Rights groups hit mail-in ballots deal

Civil-rights groups and the U.S. Postal Service struck a deal late Wednesday on speedier ballot-handling procedures, avoiding a court fight before the Jan. 5 runoff elections in Georgia that will decide control of the U.S. Senate.

The Postal Service and its Justice Department lawyers agreed to treat ballots still in processing plants within three days of the election as express mail, which translates to next-day delivery. Ballots traveling from a printing vendor in New York to Georgia voters would also get fast-tracked. The agency also agreed to bypass processing plants and route completed ballots in Atlanta directly to vote-counters, conduct sweeps of postal facilities for any misplaced ballots and report the results daily, and follow previous court-ordered ballot-expediting procedures.

The agreement represents a detente between the civil-rights plaintiffs, including the NAACP Legal Defense Fund and Vote Forward, and the Postal Service, which is fighting complaints in federal courts across the country.

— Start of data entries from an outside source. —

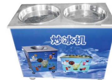
Fried Ice Cream Machine

Model: FIM-A22 Dimension: 830x440x700mm Volts: 220V/50Hz Power: 1.8KW Output: 25Kg/hour N/W: 60Kg
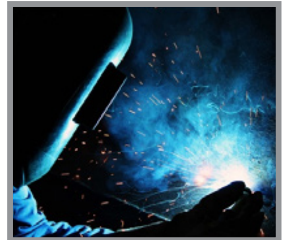
Welding under inert Helium gas

Helium is also used during welding operations due to its inactivity. Welding is a process by which two metals are heated to high temperatures in order to join them to each other. Welding however does not work well in "normal" air due to the presence of oxygen. At high temperatures, the metals are able to react with the oxygen in the air to form metal oxides. If this occurs, they are less likely to form a solid bond and therefore welders often work in a container of helium. The metals do not react with the helium and therefore a stronger bond is formed.
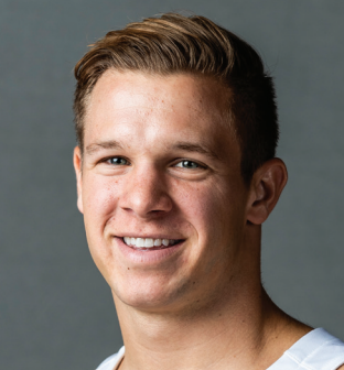
FULLERTON, CALIFORNIA BYU-HAWAII

2018-19 SEASON — PPG: 0.2 RPG: 0.2 APG: 0.1 BPG: 0.0 SPG: 0.0 FG%: .000 3FG%: .000 FT%: 1.000
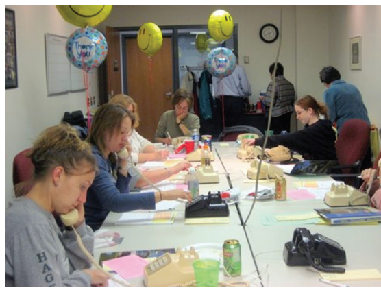
Volunteers make calls to HCC/HCC graduates during the College’s Annual Fund Phonathon

Calls were placed to graduates from the classes of 1948 through 1997. Over 3,998 calls were made to alumni telling them about happenings at the College, updating their College records, and inviting them to give to the Annual Fund. Our phonathon not only helped raise needed dollars for the College, but also allowed us to revise our database and find incorrect phone number and address information and bring them up to date. So, we want to thank each of you who donated and who took the time to speak with us during our event.
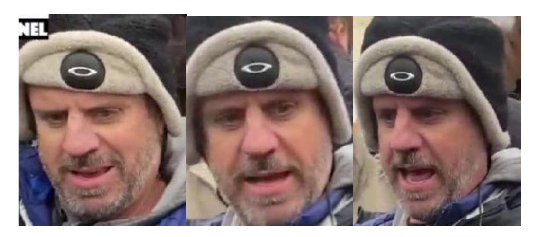
(Additional photographs of BOLO172-AFO at the US Capitol on January 6, 2021)

(FBI Seeking Information Poster for BOLO164-AFO through BOLO173-AFO)
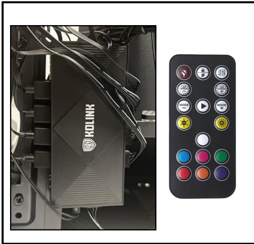
Included in the package: ARGB fan hub controller, remote control.
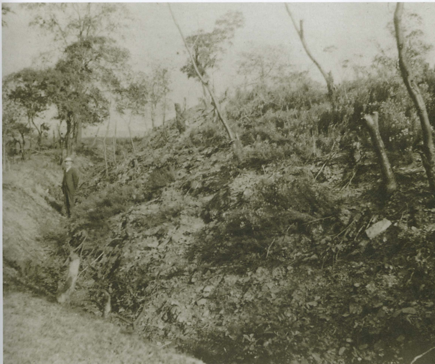
The photographer of this fort site in the 1890s reported that this redoubt was in St. Clair Township. Its exact location, however, is not certain.
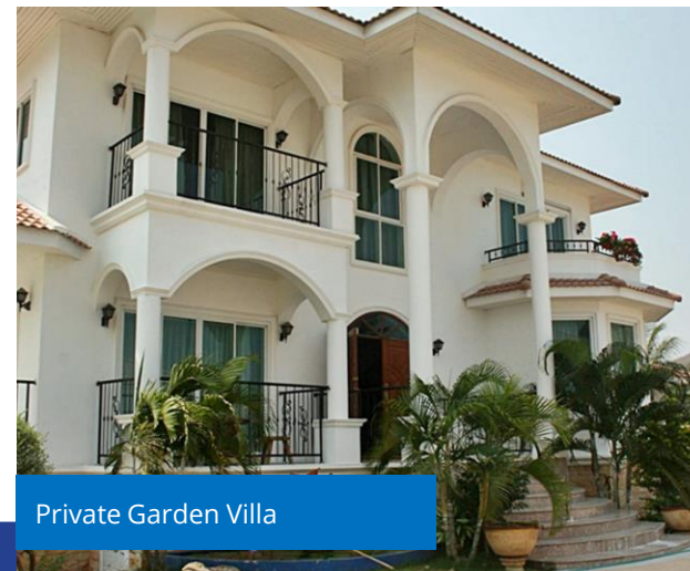
Private Garden Villa
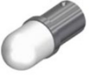
> 52AEE2 | US2:52AEE2 SIEMENS
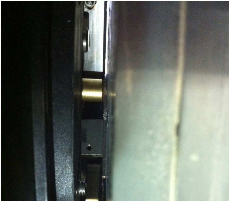
VIEW OF SPACER AFTER INSTALLATION (SPACER WILL NOT ALLOW BRONZE BUSHING TO WORK OUT OF BUCKET)
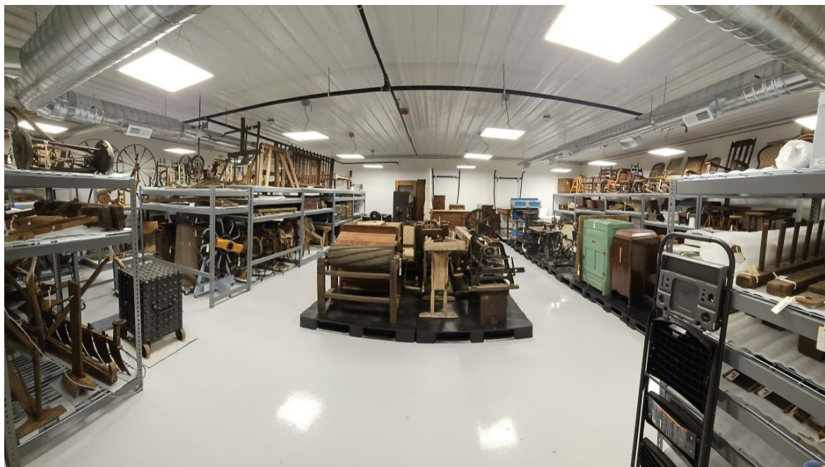
Rankin Center Collections storage

It appealed three preliminary rulings last month that blocked implementation of Postmaster General Louis DeJoy's cost-cutting policies that led to significant mail delivery delays over the summer.

It also comes amid sharp declines in ballot-processing scores in the Atlanta district, the state's most populous region.

The NAACP and Vote Forward noted in the agreement that they were poised to ask a judge to intervene further and compel more operational changes, but said they would hold off if the Postal Service stuck to its end of the deal. They also agreed to negotiate out of court if problems cropped up before asking a court to weigh in.

Postal Service spokesman David Partenheimer wrote in an emailed statement that "none of the Election Mail lawsuits are justified by the facts or supported by the applicable law."

"We will continue to defend our integrity and credibility and counter the false narrative that is being advanced in these lawsuits," Partenheimer wrote.

He added that facilitating the November and January elections "has been our number one priority for the past eight months."

The outcome in Georgia will determine whether Republicans hold on to the Senate. GOP Sens. Kelly Loeffler and David Purdue are in tight races with their respective Democratic challengers, the Rev. Raphael Warnock and Jon Ossoff. The two incumbents failed to capture 50% of the vote in the Nov. 3 election, forcing decisive runoffs, after becoming embroiled in ethics scandals.

More than 2 million Georgians have already voted in the contests, including 721,000 by mail. More than 1.3 million Georgians requested mail-in ballots.

The agreement between the civil-rights groups and the Postal Service stems from a federal case that began in August. The plaintiffs argued to Judge Emmet Sullivan of U.S. District Court for the District of Columbia that DeJoy should have sought an advisory opinion from the Postal Regulatory Commission before moving ahead with his cost-cutting policies, which enforced a stricter transportation schedule and cracked down on crucial overtime work hours.

Sullivan agreed, and after ordering the Postal Service to rescind the policies, held daily hearings leading up to the Nov. 3 general election to monitor the mail agency's progress and ballot-processing rates.

Though most experts hail the election as a success -- 65 million Americans voted by mail, and DeJoy reported the vast majority of completed ballots were delivered on time -- the Postal Service struggled.

It cut out key ballot-tracking steps in the name of expediency that caused it to lose track of 300,000 ballots.

Though most arrived on time, the agency told the court, election administration experts expressed alarm that the Postal Service was cutting operational corners.